The commitment is from computer scientist John R. Koza, who is considered the “father of genetic programming.”

The $10.7 million bequest will fund two endowed faculty positions to attract eminent scholars for the development of computational tools inspired by nature. New endowments also will advance genetic programming and evolutionary computation through endowed prizes, fellowships and programs to attract top graduate students and an increasingly strong pool of faculty members, said engineering Dean Leo Kempel.

“The creation of two new faculty endowments joining a third endowed chair, as well as endowed prizes and graduate student support, is unprecedented in the College of Engineering,” Kempel said. “We are very grateful to Dr. Koza for the advances our faculty will achieve and the students we will serve as a result of this extraordinary gift.

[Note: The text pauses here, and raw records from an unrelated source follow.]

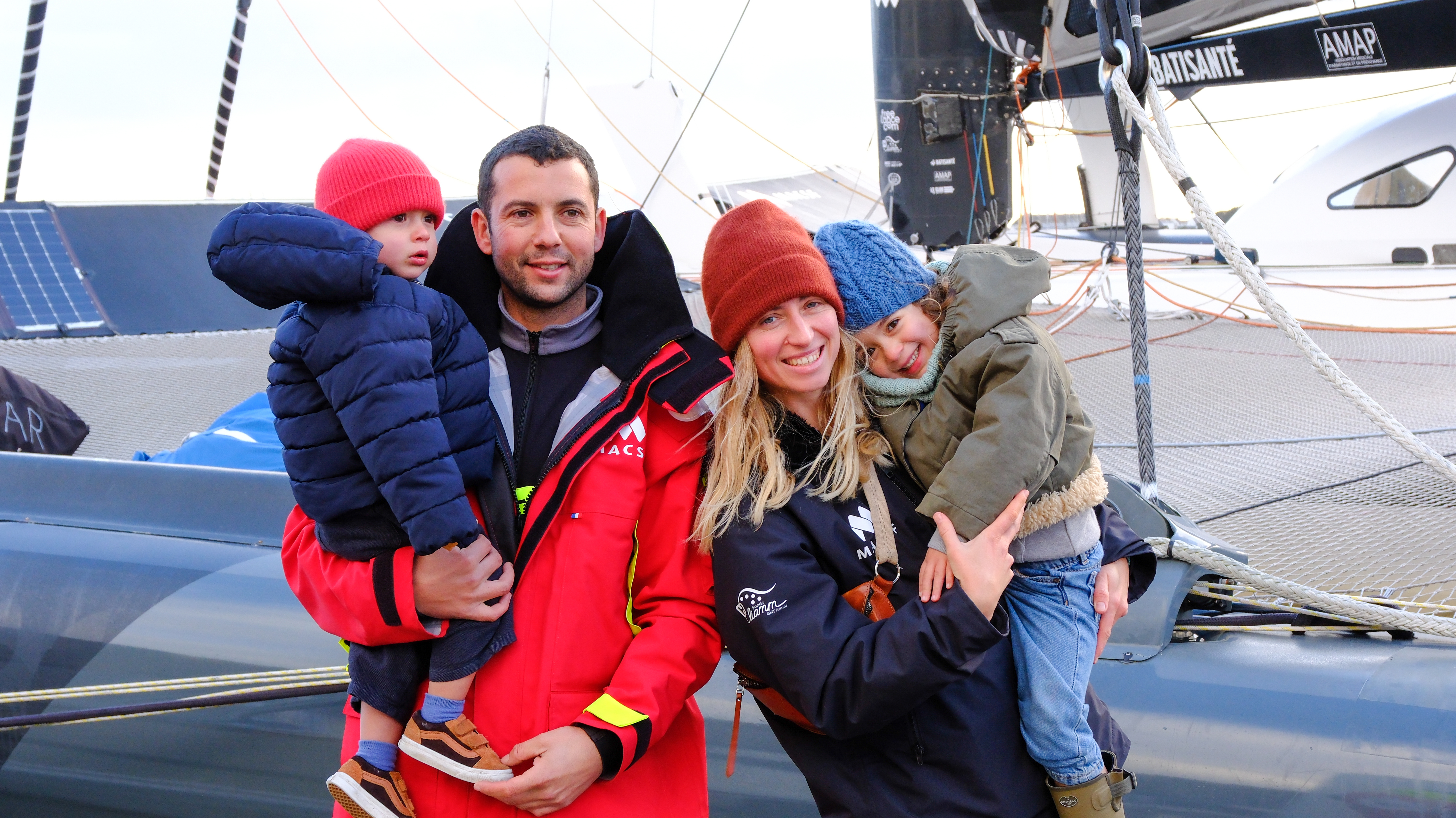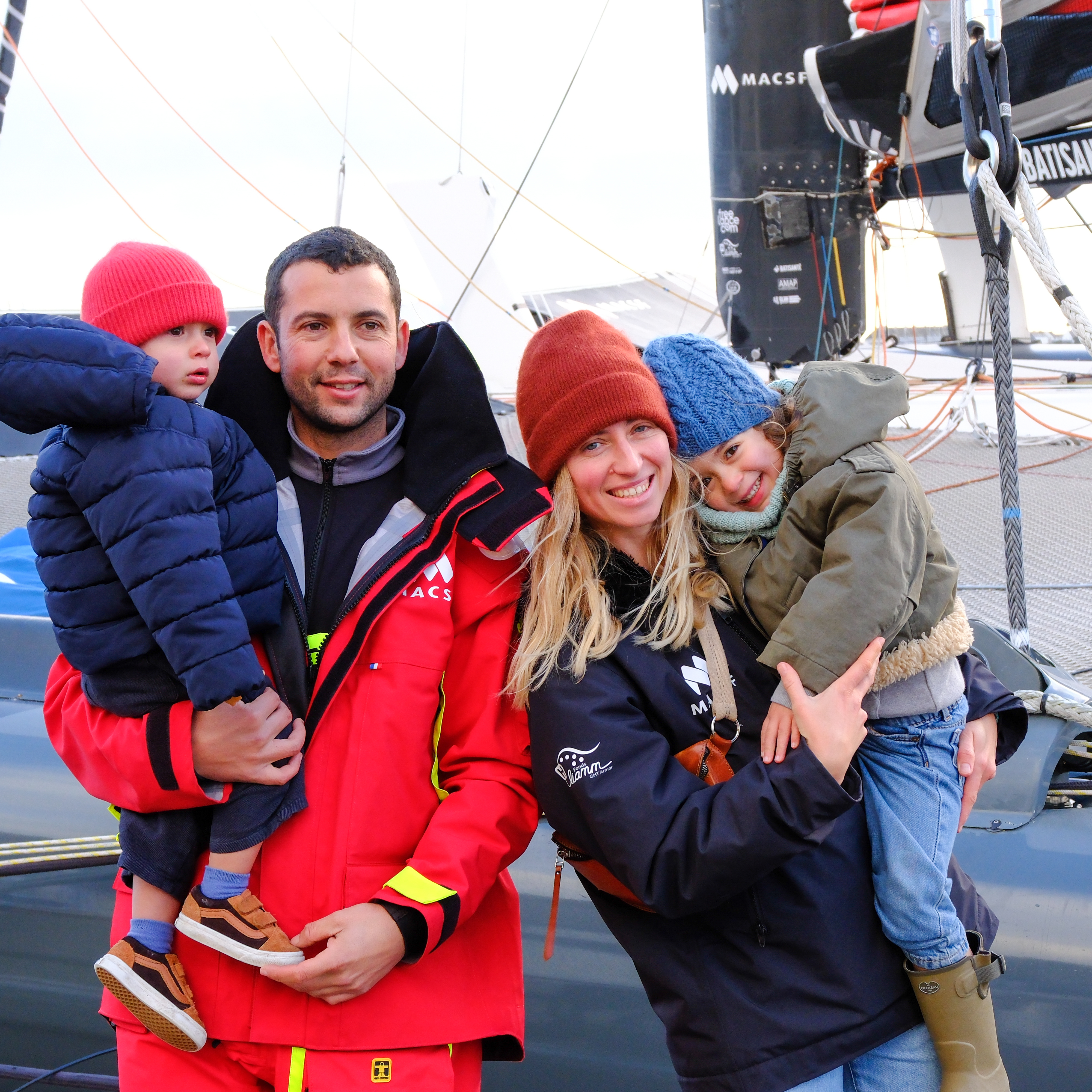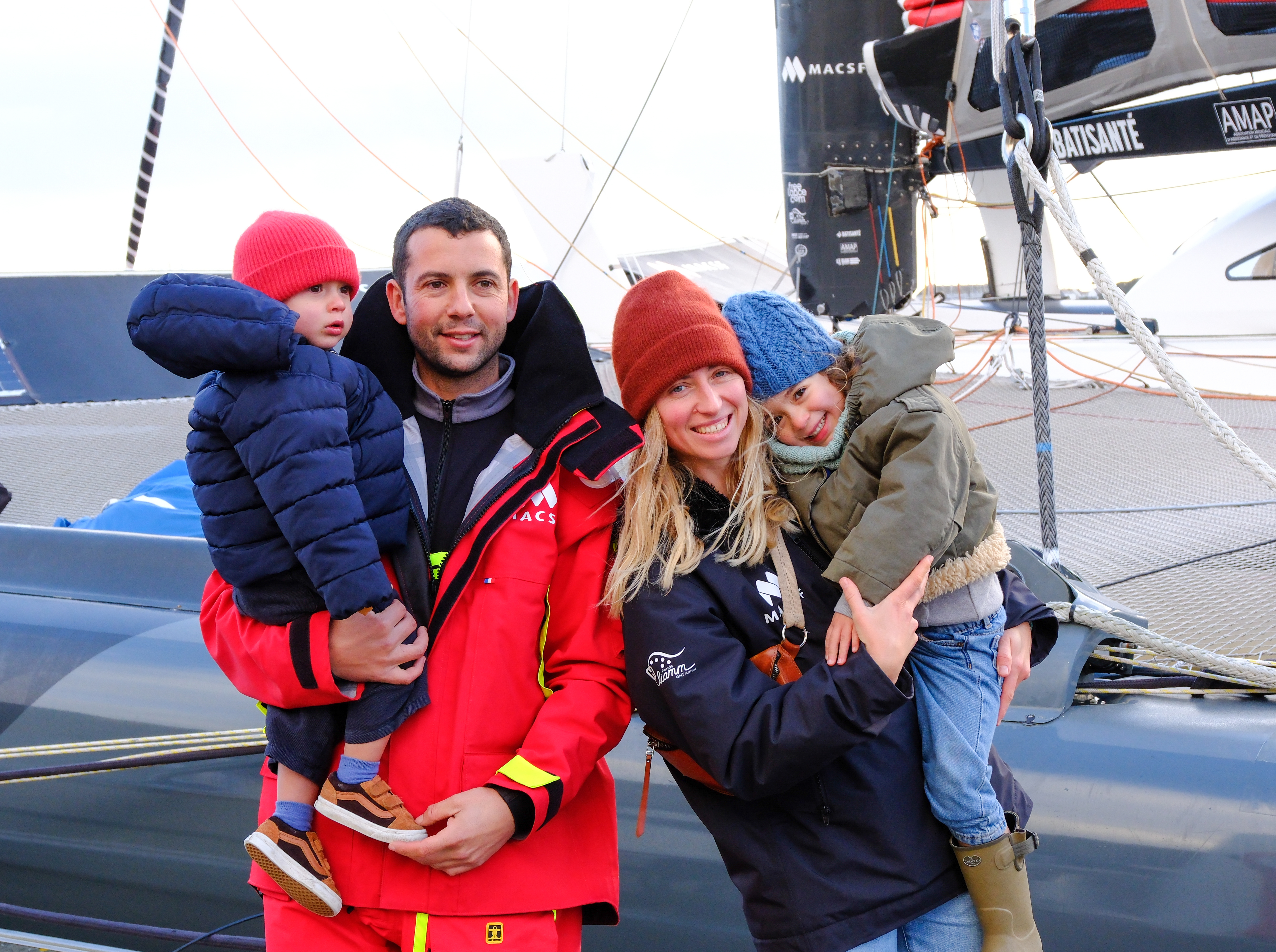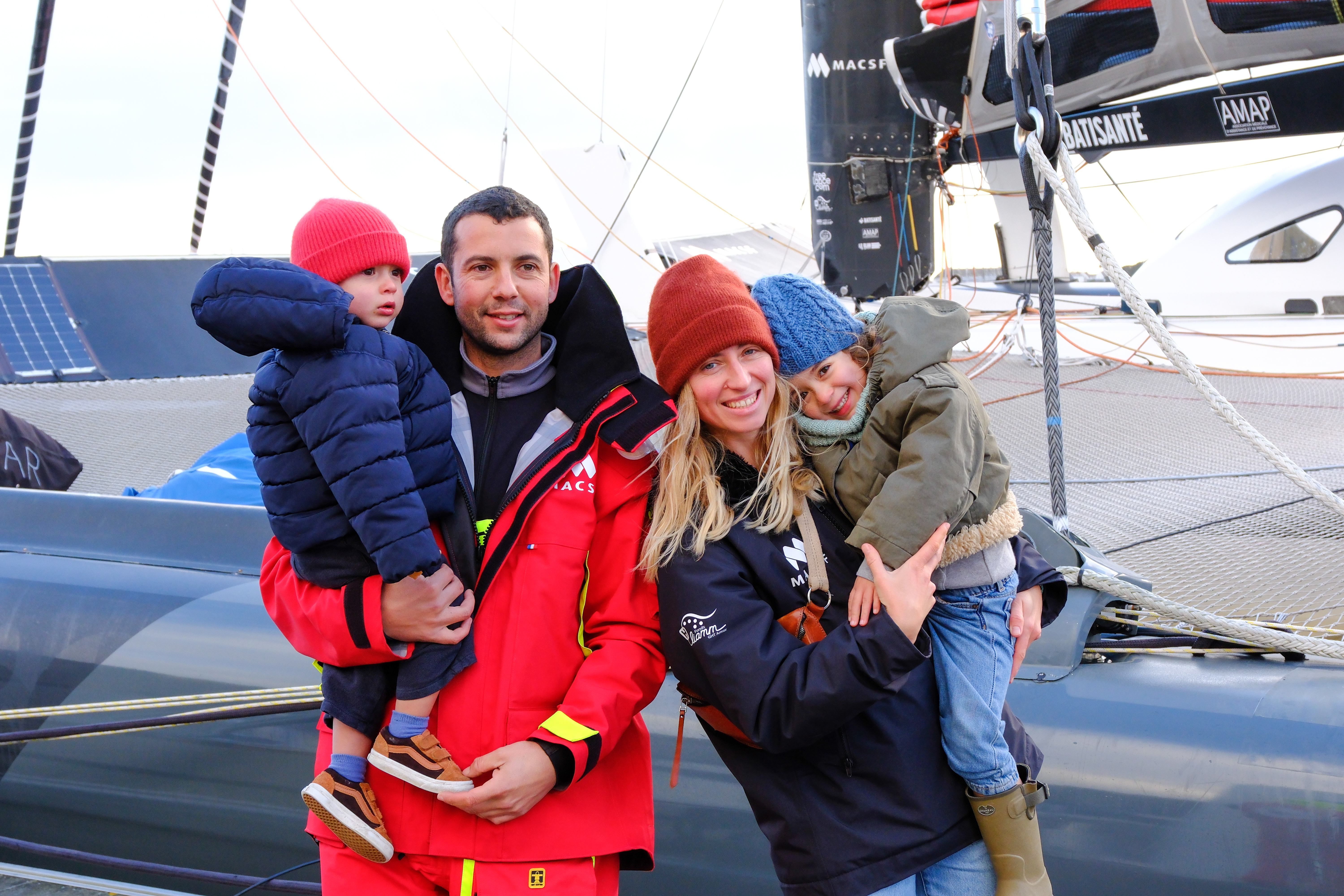 Dernière photo en famille de Guirec Soudée le 22 décembre 225, avant de monter sur son Ultim MACSF pour quitter le port de Lorient et rejoindre le Nord de l'île d'Ouessant, pour se lancer dans sa tentative de record du tour du monde à l'envers, en solitaire et sans escale.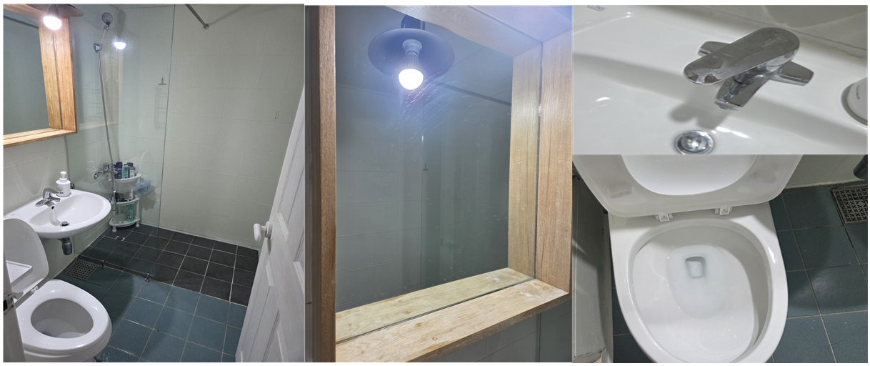 1) 화장실 청소 전 사진입니다. 거울, 유리, 세면대에 물때와 오염자국이 있고, 바닥도 곰팡이 까지는 아니지만 더럽고, 변기에 털과 얼룩이 있습니다. 변기청소, 거울, 세면대, 유리 청소, 바닥 청소 순으로 진행하겠습니다.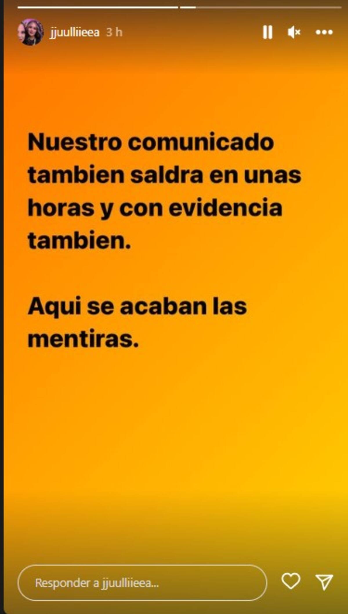 “Nuestro comunicado también saldrá en unas horas y con evidencias. Aquí se acaban las mentiras”, escribió en una historia de Instagram.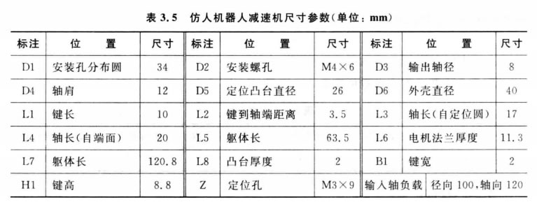 (2)直流伺服電機選型。根據上面的分析,為本節設計的智能交互機器人選用了兩種 類(lèi)型的直流伺服電機,分別是上海瑞克科技發(fā)展有限公司的50SYXB-01 和 5 0SYXB- 02,質(zhì)量大約為0.5~1.0kg, 規格如表3.3所示。從表中不難看出這種直流伺服電機 轉速非常高,Z高可達到3000r/min(轉/分鐘);而其轉矩又很小,不能直接用于關(guān)節驅 動(dòng)裝置。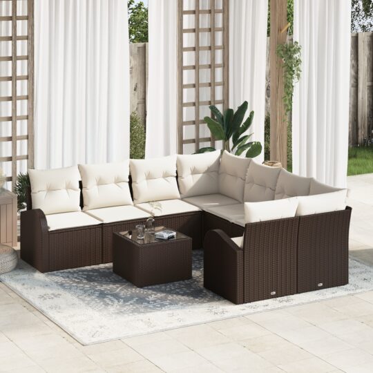 Set de canapele pentru grădină cu pernă 9 pcs Maro și Crem

“With this gift,” Kempel continued, “and the previous investment by the National Science Foundation in the BEACON Center, Michigan State University will be the leading institution for transformational research and education in this important field of scholarship.”

Koza said he is delighted to make the investment in the BEACON Center and the College of Engineering and believes they are the best place to carry forward his life’s work.

"The mix of private support, NSF support, and backing from MSU, under the guidance of my good friend and colleague, Erik Goodman, means the BEACON Center and its ground breaking work will continue for many years to come,” Koza said. “My personal connections to BEACON, MSU and the partner institutions have been very gratifying and I look forward to what we can do together."

MSU President Lou Anna K. Simon said the gift will create a hub of expertise and excellence in a demanding and promising field.

“John Koza’s continued generosity will empower us to build on his pioneering work. We are thankful for his vision and investment in the research and learning being done at Michigan State, which will resonate far into the future.”

Koza’s $2 million cash gift was received in 2014 and created the John R. Koza Endowed Chair in Genetic Programming. In August 2016, MSU welcomed renowned specialist in genetic programming and evolutionary computation Wolfgang Banzhaf as the Koza endowed chair.

Koza is a computer scientist and pioneer in the use of genetic programming, or GP. For much of his career, he was a consulting professor at Stanford University, teaching classes about evolutionary computation and genetic programming while conducting his research in that field.

“His ideas have helped to push back the horizon of what we believe computers can do now and in the future,” said Erik Goodman, director of the BEACON Center for the Study of Evolution in Action. The BEACON Center unites those who study natural evolutionary processes with computer scientists and engineers to solve real-world problems.

Goodman, who has been friends with Koza since they were graduate students in the 1960s and 1970s, called Koza a brilliant computer scientist.

“John Koza is frequently called the father of GP. His publication of four gigantic books introducing genetic programming to the world, beginning in 1992, helped to earn him this accolade,” Goodman explained. “In his books, he introduces the concepts of automated programming of computers by evolutionary processes.”

Goodman said Koza’s early work also included organizing a series of international conferences on Genetic Programming, which he and Goodman helped later to merge into a broader conference series on evolutionary computation, the Genetic and Evolutionary Computation Conferences.

“All of us owe some of our inspiration to the successes achieved by Koza,” Goodman added. “In the end, there may be few of us whose lives are not touched in some way or another by John Koza's work.”

Endowed funds allow the university to provide continual support to specific programs and projects. The gift’s principal is invested and a portion of the annual earnings is used for annual program support.

The gifts support Empower Extraordinary, the $1.5 billion campaign for MSU that launched publicly in October 2014. To date, the College of Engineering has raised more than $76 million of its $80 million campaign goal.